I was working with a visiting Kaizen (it's a method of continuous improvement started by Toyota) trainer from Japan, and he kept staring at my arms/hands/throat when we were trying to work. I was starting to get annoyed because the entire point of Kaizen is lean management. No wasted efforts, no straying off task, etc. Finally, he tried to roll up my sleeve without permission and I told his translator that he had crossed a line of politeness and that it wasn't acceptable. He was terribly embarrassed and excused himself.
Before he left, he asked to see me again, and showed me his AMAZING tattoos that he keeps hidden. The translator had a WTF moment since he didn't know his boss was tattooed and my crew kept razzing me that I managed to get a guy who gets paid 20K a week to train people to keep on task (which is an oversimplification of the kaizen process) to be distracted while working.
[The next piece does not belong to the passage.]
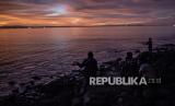 Warga memancing ikan di Pantai Taman Jaya, Pandeglang, Banten, Jumat (28/1/2022). Pandeglang merupakan salah satu kabupaten di Banten yang mempunyai banyak tempat wisata diantaranya Mata Air Cikoromoy, Curug Putri serta pemandangan matahari terbenam di sepanjang bibir pantai. (FOTO : Antara/Muhammad Adimaja)

For the most part, I think I'm heavily tattooed (to untattooed people) enough that it's "safe" to approach me. That any stigmas or stereotypes of someone with tattoos ceases applying to me in the minds of the people I have to deal with- that I'm a "tattoo guy" not a "guy with tattoos". Does that make any sense? I've found when I'm with people with just a few visible tattoos, I'm the person that gets approached the most often. Could be a coincidence.
Personally, I find that it's rarely an issue. The places I'd work that would have too big of an issue with visible tattoos are places I'd likely not be working at. At my previous job my tattoos made senior corporate management more likely to remember me and gave them something to talk about to me (despite me hating talking about tattoos at work) that put me in their heads when it came to special projects et all.